▸ **Source data**
######
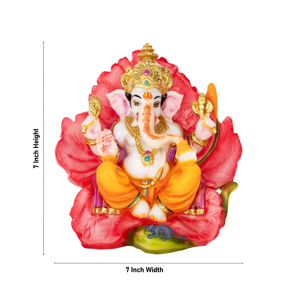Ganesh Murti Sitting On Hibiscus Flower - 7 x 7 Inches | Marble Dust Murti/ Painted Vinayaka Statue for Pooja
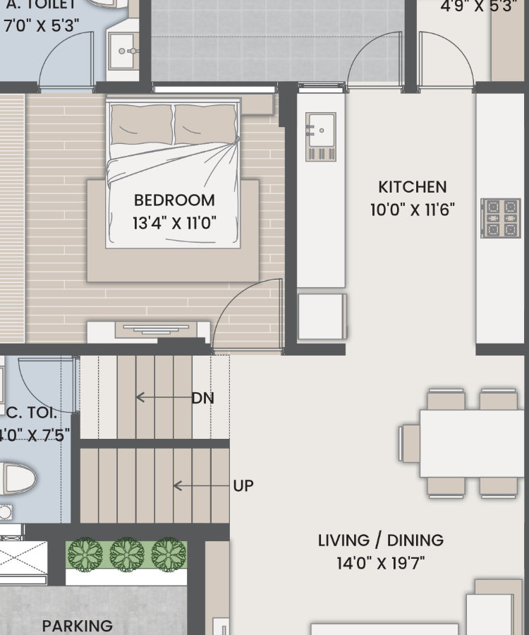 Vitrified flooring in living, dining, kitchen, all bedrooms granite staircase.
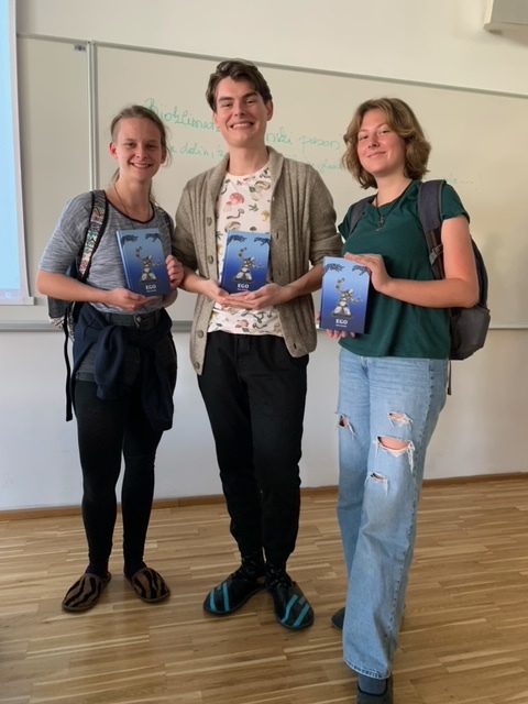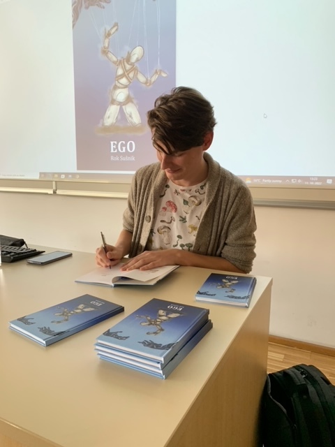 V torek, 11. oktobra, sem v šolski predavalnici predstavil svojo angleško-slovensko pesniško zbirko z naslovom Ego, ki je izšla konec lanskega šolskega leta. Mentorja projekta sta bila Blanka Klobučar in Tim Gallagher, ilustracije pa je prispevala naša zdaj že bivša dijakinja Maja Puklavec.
######
▸ **What this task involves**
Transcribe the whole listing exactly. Pictures stay out of your copy.

▸ **Solution to this exercise**
Ganesh Murti Sitting On Hibiscus Flower - 7 x 7 Inches | Marble Dust Murti/ Painted Vinayaka Statue for Pooja
 Vitrified flooring in living, dining, kitchen, all bedrooms granite staircase.
 V torek, 11. oktobra, sem v šolski predavalnici predstavil svojo angleško-slovensko pesniško zbirko z naslovom Ego, ki je izšla konec lanskega šolskega leta. Mentorja projekta sta bila Blanka Klobučar in Tim Gallagher, ilustracije pa je prispevala naša zdaj že bivša dijakinja Maja Puklavec.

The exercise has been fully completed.